Traditionally, off-policy learning algorithms (such as Q-learning) and exploration schemes have been derived separately. Often times, the exploration-exploitation dilemma being addressed through heuristics. In this article we show that both the learning equations and the exploration-exploitation strategy can be derived in tandem as the solution to a unique and well-posed optimization problem whose minimization leads to the optimal value function. We present a new algorithm following this idea. The algorithm is of the gradient type (and therefore has good convergence properties even when used in conjunction with function approximators such as neural networks); it is off-policy; and it specifies both the update equations and the strategy to address the exploration-exploitation dilemma. To the best of our knowledge, this is the first algorithm that has these properties.

## 1 Introduction

Reinforcement learning (RL) is concerned with designing algorithms that seek to maximize long term cumulative rewards by interacting with an environment whose dynamics are unknown. Three main features are desirable for model-free algorithms to achieve this goal efficiently: (a) high sample efficiency, (b) guaranteed convergence (even when the algorithm is used in conjunction with expressive function approximators like neural networks) and (c) the ability to perform deep exploration. Recently, algorithms based on policy gradient have been introduced with guaranteed convergence and achieve state-of-the-art results in many tasks. The most notable cases being TRPO TRPO , PPO ppo and A3C a3c . These algorithms have two main drawbacks: they have poor sample efficiency due to the fact that they operate on-policy and they are not capable of performing deep exploration (i.e., they tend to perform poorly in environments with sparse rewards). Another group of algorithms is based on Q-learning (like DQN dqn and DDQN ddqn ). These algorithms have high sample efficiency but they also have two main drawbacks: they can diverge when used in conjunction with function approximators and they do not address the exploration-exploitation dilemma. Hence, heuristics are typically necessary to endow these algorithms with better exploration capabilities (for example, Bootstrap DQN boot_dqn ). More recently, a new family of algorithms has been introduced, which is based in the idea of learning policies that aim to maximize the long term cumulative rewards while also maximizing their own entropy. One notable algorithm within this group is SBEED sbeed , which has high sample efficiency and guaranteed convergence when used with function approximators. SBEED still has the deficiency that it does not address the exploration-exploitation dilemma and hence it does not perform efficient exploration. The contribution of this work is the introduction of a novel algorithm which, to the best of our knowledge, is the first algorithm that has the three aforementioned properties (a)-(c). The main difference between our algorithm and previous work is that we use a novel cost function which makes the exploration-exploitation dilemma explicit and derives the learning rule and the exploratory strategy in tandem as the solution to a unique optimization problem.

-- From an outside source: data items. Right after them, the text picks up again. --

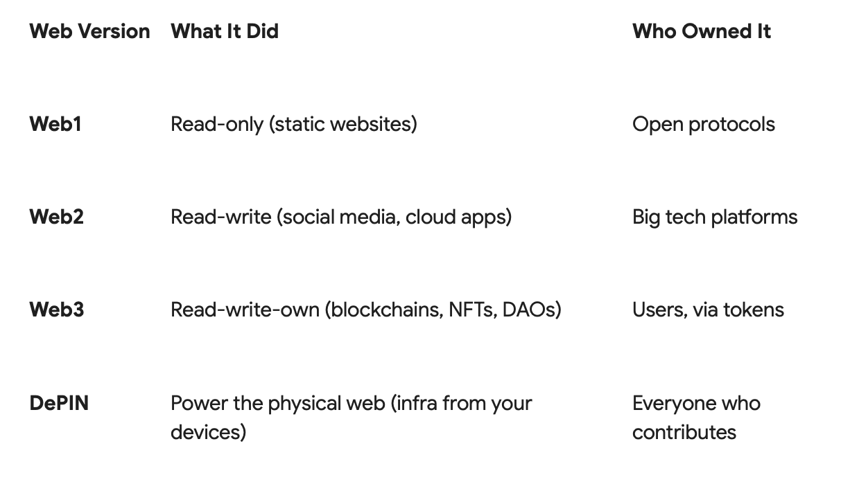 Web3 brought ownership to digital assets. DePIN brings ownership to digital infrastructure.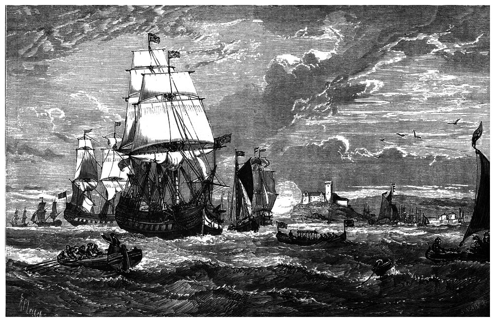 Корабли Британской Ост-Индской компании выходят из Вулиджа. Гравюра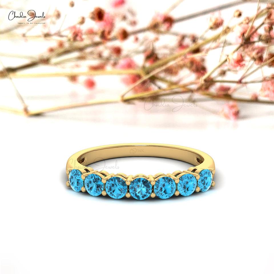 แหวนทองคำแท้ 14k ดีไซน์ทันสมัย ประดับบลูโทแพซทรงบริลเลียนต์ 3 มม. แบบครึ่งวง สำหรับงานปาร์ตี้ งานแต่งงาน เครื่องประดับคริสเตียน สำหรับเจ้าสาว
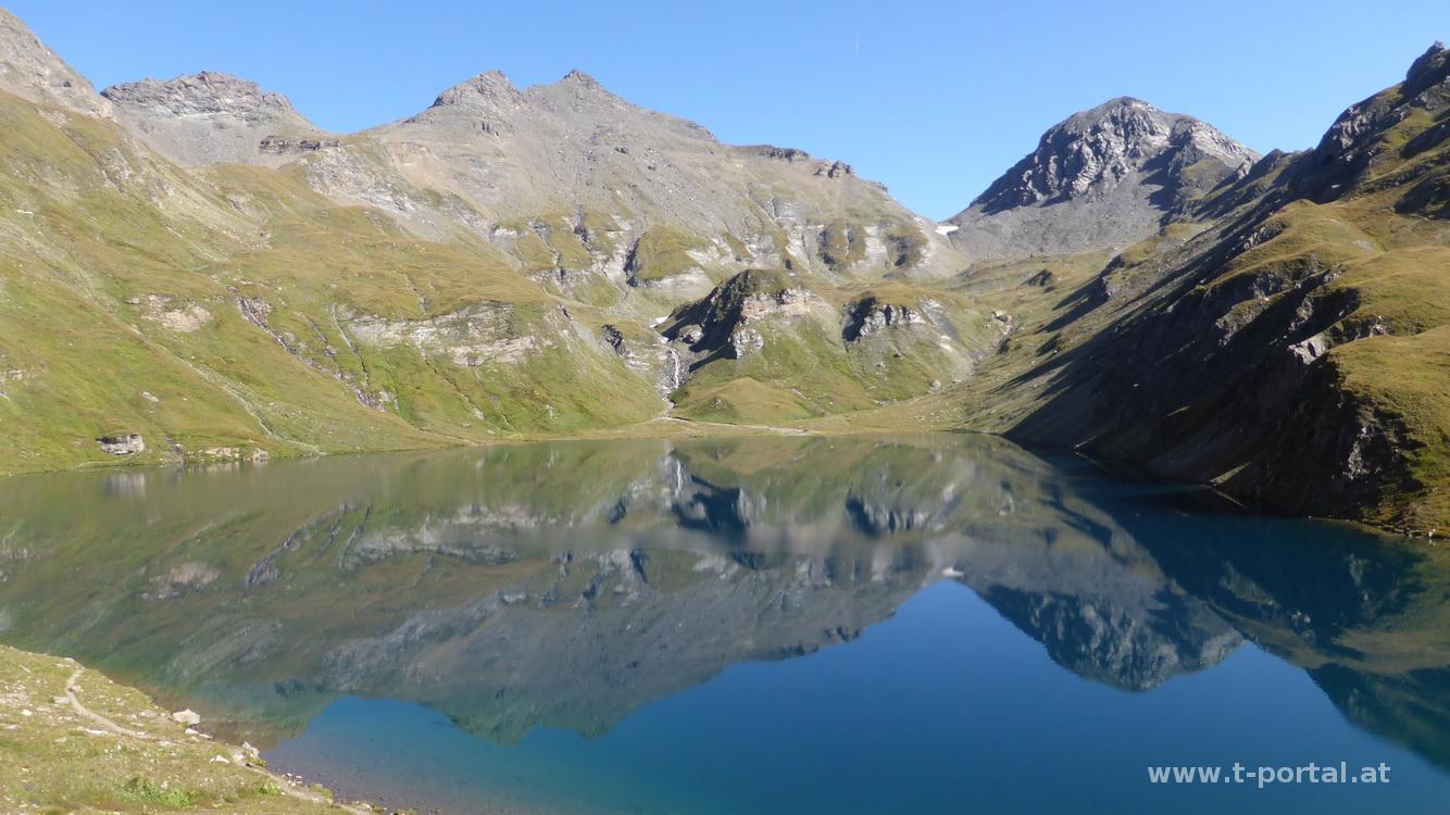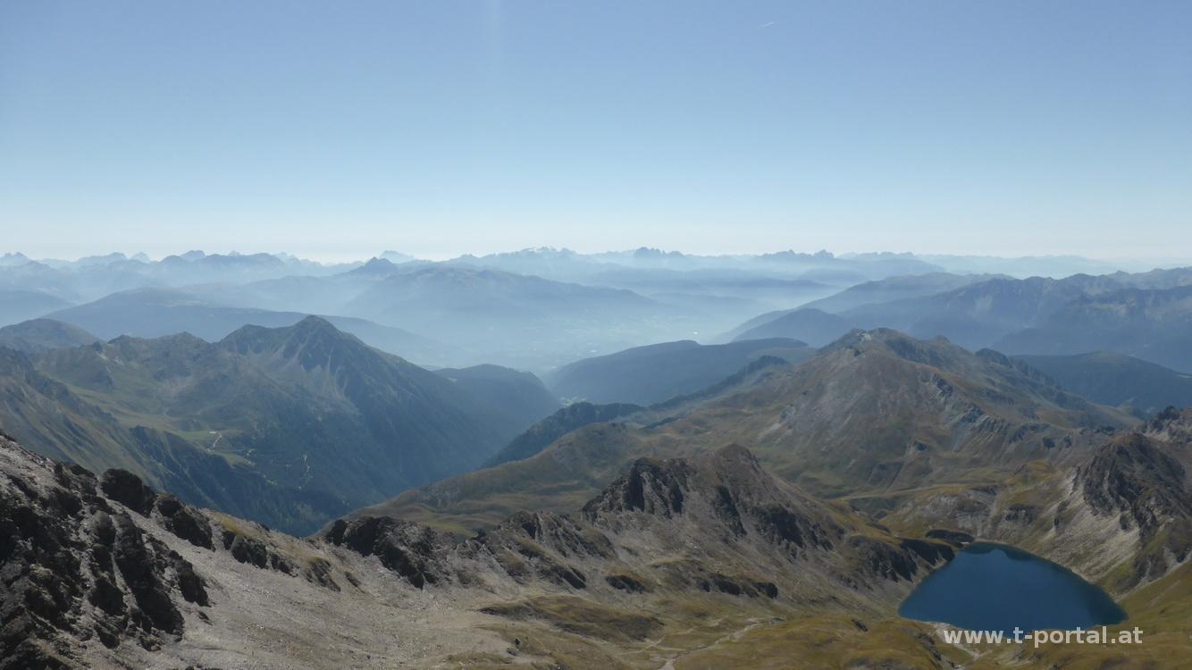 Auf dem gemütlichen Weg geht es immer weiter aufwärts, während der Ausblick auf die hohen Gipfel (Süd)Tirols immer besser wird. Vorbei an Almkühen und einigen wandernden Familien erreiche wird der Wilder See erreicht. In diesem schönen Bergsee spiegelt sich bereits das heutige Ziel des Tages. Nach Pause am See umrunde ich diesen, bestaune einen Wasserfall und steige auf bis zum Sattel am Rauhtaljoch. Beim Weg hierher habe ich bereits den weiteren Pfad auf den Gipfel erblickt, wo sich heute viele Leute tummeln. Auf den letzten gut dreihundert Höhenmetern heißt es etwas besser aufpassen, es geht über teils lockeres Gestein aufwärts und es kommen mir zahlreiche Wanderer im Abstieg entgegen. Eine gute halbe Stunde später stehe ich auf meinem ersten Berggipfel über 3000 Meter Höhe und blicke faszinierend auf das beeindruckende Panorama. Die wilde Kreuzspitze ist bei diesem Wetter ein toller Aussichtsberg in alle Richtungen.

### 1.1 Relation to prior work

Our paper is mostly related to recent work on maximum entropy algorithms. Some of the most prominent algorithms in this area are G-learning G_learning , soft Q-learning haarnoja2017reinforcement , PCL pcl , SAC sac , Trust-PCL trust_pcl , and SBEED sbeed . All these algorithms augment the traditional RL objective with a term that aims to maximize the entropy of the learned policy, which is weighted by a temperature parameter. The consequence of using this augmented objective is two-fold. First, it allows to derive convergent off-policy algorithms (even when used with function approximators). Second, it improves the exploration properties of the algorithms. However, using this augmented objective has two main drawbacks. In the first place, the policy to which these algorithms converge is biased away from the true optimal policy. This point can be handled by annealing the temperature parameter but this can slow down convergence. Furthermore, it is unclear what the optimal schedule is to perform such annealing and how it affects the conditioning of the optimization problem. In the second place, even though the exploration is improved, algorithms derived from this modified cost are not efficient at performing deep exploration. The reason for this is that a unique temperature parameter is used for all states. In order to perform deep exploration it is necessary to have a scheme that allows agents to learn policies which exploit more in states where the agent has high confidence in the optimal action and act in a more exploratory manner in unknown states. The main difference between our approach and these works is that we augment the traditional RL objective with a term that makes the exploration-exploitation trade-off explicit instead of the policy’s entropy. Under our scheme, agents converge to the true optimal policy without the need for annealing of any parameters and, moreover, an exploration strategy is derived that is capable of performing deep exploration.

## 2 Preliminaries

We consider the problem of policy optimization within the traditional reinforcement learning framework. We model our setting as a Markov Decision Process (MDP), with an MDP defined by (,,,), where is a set of states of size , is a set of actions of size , specifies the probability of transitioning to state from state having taken action and is the average reward when the agent transitions to state from state having taken action ).

###### Assumption 1.

We assume for all .

In this work we consider the maximization of the discounted infinite reward as the objective of the RL agent:

 π†(a|s)=argmaxπEP,π(∞∑t=0γt\boldmathr(\boldmathst,\boldmathat,\boldmathst+1)∣∣\boldmaths% 0=s) (1)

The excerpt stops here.